Work to be completed:
Look below for the line that has "You can cook". Set down the lines from there through the line that has "Bent u toe aan", exactly as written.

Data for this exercise:

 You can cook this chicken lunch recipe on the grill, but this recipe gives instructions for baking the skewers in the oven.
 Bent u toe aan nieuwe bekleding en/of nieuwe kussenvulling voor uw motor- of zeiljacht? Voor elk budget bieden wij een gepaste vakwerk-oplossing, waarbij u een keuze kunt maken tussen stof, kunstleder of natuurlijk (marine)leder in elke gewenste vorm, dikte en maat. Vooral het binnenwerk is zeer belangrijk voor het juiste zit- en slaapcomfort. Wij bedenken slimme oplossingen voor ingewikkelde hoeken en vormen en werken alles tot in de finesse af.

==

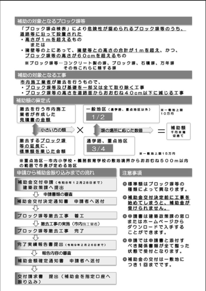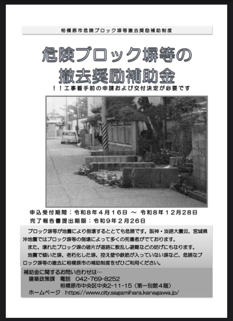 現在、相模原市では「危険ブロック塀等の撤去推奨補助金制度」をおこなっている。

Written reply:
 You can cook this chicken lunch recipe on the grill, but this recipe gives instructions for baking the skewers in the oven.
 Bent u toe aan nieuwe bekleding en/of nieuwe kussenvulling voor uw motor- of zeiljacht? Voor elk budget bieden wij een gepaste vakwerk-oplossing, waarbij u een keuze kunt maken tussen stof, kunstleder of natuurlijk (marine)leder in elke gewenste vorm, dikte en maat. Vooral het binnenwerk is zeer belangrijk voor het juiste zit- en slaapcomfort. Wij bedenken slimme oplossingen voor ingewikkelde hoeken en vormen en werken alles tot in de finesse af.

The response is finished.